I will watch the interview later today. Just so I know what I am responding to, is it claims that the interview process was wrong that you are disputing ( boys coerced into admission of guilt /parents not there) ,  or do you think the boys are in-fact guilty ?  

Linda Fairstein's comments on it are I think fair. She agreed with the rape charges being vacated but says the other convictions should have stood.

Watch the police interview the lad admits to it all in front of his parents. They were in a large group running around CP tearing folk up and robbing.

The op ed in included in the DM article - the original in the WSJ has a pay wall.

https://www.dailymail.co.uk/news/article-7128615/Central-Park-Five-prosecutor-Linda-Fairstein-slams-Netflix-series-outright-fabrication.html

Quote

 

LINDA FAIRSTEIN'S OP-ED 

'At about 9 p.m. April 19, 1989, a large group of young men gathered on the corner of 110th Street and Fifth Avenue for the purpose of robbing and beating innocent people in Central Park. 

'There were more than 30 rioters, and the woman known as the “Central Park jogger,” Trisha Meili, was not their only victim. Eight others were attacked, including two men who were beaten so savagely that they required hospitalization for head injuries.

'Reporters and filmmakers have explored this story countless times from numerous perspectives, almost always focusing on five attackers and one female jogger. But each has missed the larger picture of that terrible night: a riot in the dark that resulted in the apprehension of more than 15 teenagers who set upon multiple victims. That a sociopath named Matias Reyes confessed in 2002 to the rape of Ms. Meili, and that the district attorney consequently vacated the charges against the five after they had served their sentences, has led some of these reporters and filmmakers to assume the prosecution had no basis on which to charge the five suspects in 1989. 

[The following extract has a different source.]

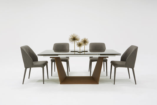 Modrest Babia Modern Smoked Glass & Walnut Extendable Dining Table

'So it is with filmmaker Ava DuVernay in the Netflix miniseries “When They See Us,” a series so full of distortions and falsehoods as to be an outright fabrication.

'It shouldn’t have been hard for Ms. DuVernay to discover the truth. 

'The facts of the original case are documented in a 117-page decision by New York State Supreme Court Justice Thomas Galligan, in sworn testimony given in two trials and affirmed by two appellate courts, and in sworn depositions of more than 95 witnesses—including the five themselves. Instead she has written an utterly false narrative involving an evil mastermind (me) and the falsely accused (the five).

'I was one of the supervisors who oversaw the team that prosecuted the teenagers apprehended after that horrific night of violence. Ms. DuVernay’s film attempts to portray me as an overzealous prosecutor and a bigot, the police as incompetent or worse, and the five suspects as innocent of all charges against them. None of this is true.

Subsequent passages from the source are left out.